There are five categories of women who know (or think).
First, the "silent knower" comprised only 2% of the survey group of 135 women--these women were deprived socially, economically, and educationally, which is why they viewed words as weapons to diminish people. Thus these women did not tend to have dialogue within themselves (pp. 24-25). They tended not to have confidence to learn from either experience or words (p. 26). They did not seem to relate to others in a sense of "we-ness" (p. 27). Such women tended to receive the labels as immature, impulsive, acting-out, hyperactive, delinquent, and of a short attention span (p. 28). This woman is common in Third World countries, and must be integrated with more developed women in order to open her horizons. An approach to this kind of woman would be "to speak" to her through actions of kindness and generosity.

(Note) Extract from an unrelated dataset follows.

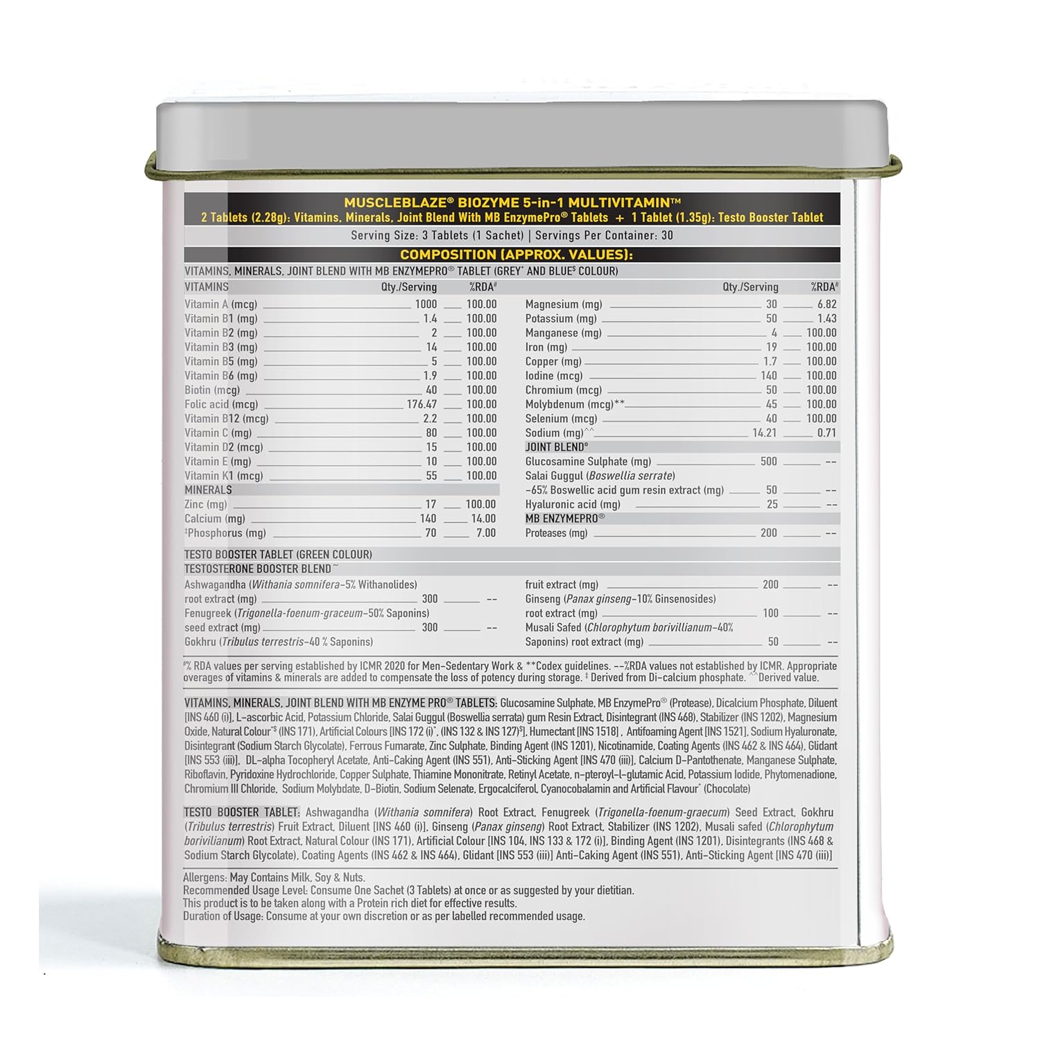 JOINT BLEND: When you are an advanced gym-goer, you have no room for joint discomfort, pain, or inflammation. MuscleBlaze Biozyme Daily Multivitamin for Men contains a joint blend that assists in mobility, flexibility and upkeeps the health of your joints

Second, the "received knower" sees ideas as concrete and falling into dualistic modes (right/wrong, true/false, etc.)--these women are apt "to see the emperor in full regalia" because they conform to authorities as sources of truth (pp. 37-38), and these authorities (usually male--p. 45) are infinitely capable of receiving knowledge and retaining the "right answer" with impeccable precision (p. 40). Paradox is therefore inconceivable to these women, which is why they have trouble with understanding poetry, for example (pp. 41-42). They strive to subordinate their own actions to the symbolic representations of the good that they are able to hear in the voices of others (p. 46). These women are thus followers--they look to others as their "fount of truth," and therefore need "midwife teachers" (pp. 217-19) in order to put these women into conversation with other voices past and present.

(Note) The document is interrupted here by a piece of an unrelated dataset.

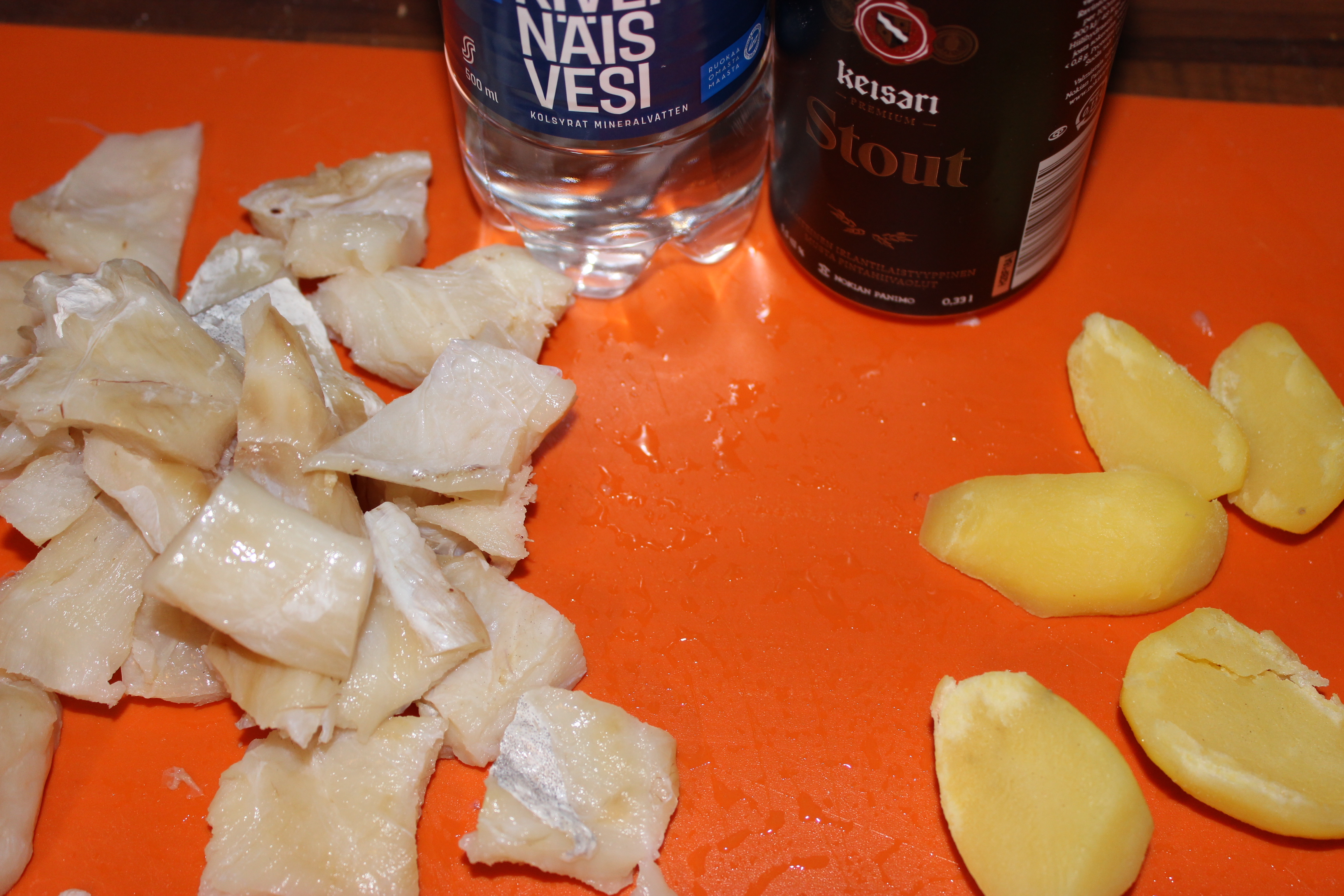 Käytin reseptiä jossa on tummaa olutta ja kivennäisvetä panerointitaikinassa. Itse en ole kovin oluen ystävä, muta ruuanlaitossa nämä toimivat. Oikein asioikseen piti mennä lähikauppaan olutostoksille ja tumma olut antaa taikinaan makua ja väriä. Maissitärkkelys ja leivinjauhe tekee siitä kuohkeaa poreilevan kivennäisveden kanssa

Third, the "subjective knower" views the fountain of truth as within, and, therefore, can negate the answers of the outside world (pp. 54, 61, 69). (One-half of the 135 women interviewed were in this category--p. 55.) She distrusts logic, analysis, abstraction, and even language (p. 71). These women tend to come from families that were less advantaged, more permissive, more chaotic than the average (p. 56), which is why they tend not to have a coherent, reflective moral maturity (p. 77): they thus have no clear self-concept, but yet at the same time tend to be positive, as they are open to novelty or to the curious (pp. 82, 84). On the one hand, they tend to have a negative view of male authority, because such figures were either absent in their lives or were sources of emotional, sexual, and/or verbal abuse (pp. 57-59, 79). This is why they tend to rely on female peers, mothers, sisters, and grandmothers for knowledge and truth (p. 60). Such women are best influences by life stories to convey knowledge.

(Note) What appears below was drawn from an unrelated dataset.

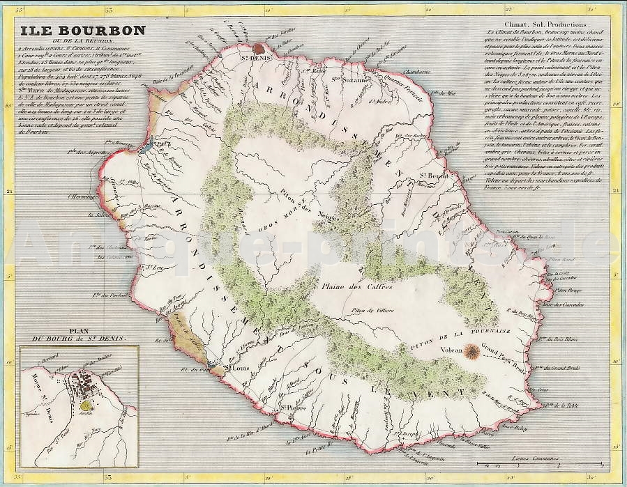 La Réunion. Carte sur acier, gravée par Alès d´après Monnin. 1833. Très bon état. Aquarellée à la main. 23,5x18,5cm. Montée sous passe-partout.

Fourth, the "procedural knower" is well practiced at the art of being a university student (p. 87). These women tend to be privileged, white, young academics--their outlook on life tends toward the worship of "methodolatry," because they tend toward "the chilling academic analyses of problems" (pp. 87, 93-95). They do not accommodate knowledge; instead they assimilate it (p. 123), because they know that intuition or "gut feelings" may deceive; that is, some truths are truer than others, etc., and hence they rely heavily on procedures, skills, techniques (pp. 93-94, 99). They place form over substance (pp. 95, 97), which is why they tend to feel like chameleons or frauds (pp. 124, 129). The subcategory of the "separate procedural knower" tends toward impersonal rules, impersonal reason, and a sense of justice; and these women tend to be tomboys--and so are tough-minded women who seek to weed out their biases from knowledge so as to arrive at the flower of pure reason (pp. 101-104, 109). To them, using doubt as a way to test knowledge is not a good game, and is actually taken personally (p. 105). The other subcategory is the "connected knower" in this context tends toward care and relationships with a capacity for empathy in others (pp. 101-02, 113). Again, form rather than content is central, and thus (to use a double negative) nothing human would be alien to them (pp. 115-17) For these women, one must be careful not to make light of disagreements in those cases where form (the superficial?) dominates substance. (For these women, they must learn that inductive logic is the art and deductive logic is the science, for which the procedural knower would tend to depend too heavily.)
Finally, the "constructed knower" maintained the voice of integration--she brought together reason, intuition, and the expertise of others (pp. 133-34) with an open mind and open heart (p. 141). She was articulate, reflective (p. 134), and was seriously preoccupied with the moral and spiritual dimensions of her life (p. 150). This woman had a high tolerance for internal contradiction and ambiguity (p. 137) because truth was a matter of context (p. 138-39). She could recognize an expert as one who appreciated the complex but who maintained an air of humility about their knowledge (p. 139). These women may find intimate relationships difficult to maintain, especially if they speak their minds (p. 140). These women aspire to the kind of work that contributes to the empowerment and improvement in the quality of the lives of others (p. 152). These women are the self-actualizers, who emphasize the complexity of problems and ones responsibility to use knowledge to help others (and not just to help ones self).
Interestingly the book highlighted that of 135 women surveyed, half disclosed that there were victims of some form of incest or sexual abuse, and that these life experiences had an effect on their perceptions of the male gender. This book was fascinating, and difficult to put down -- certainly a must read.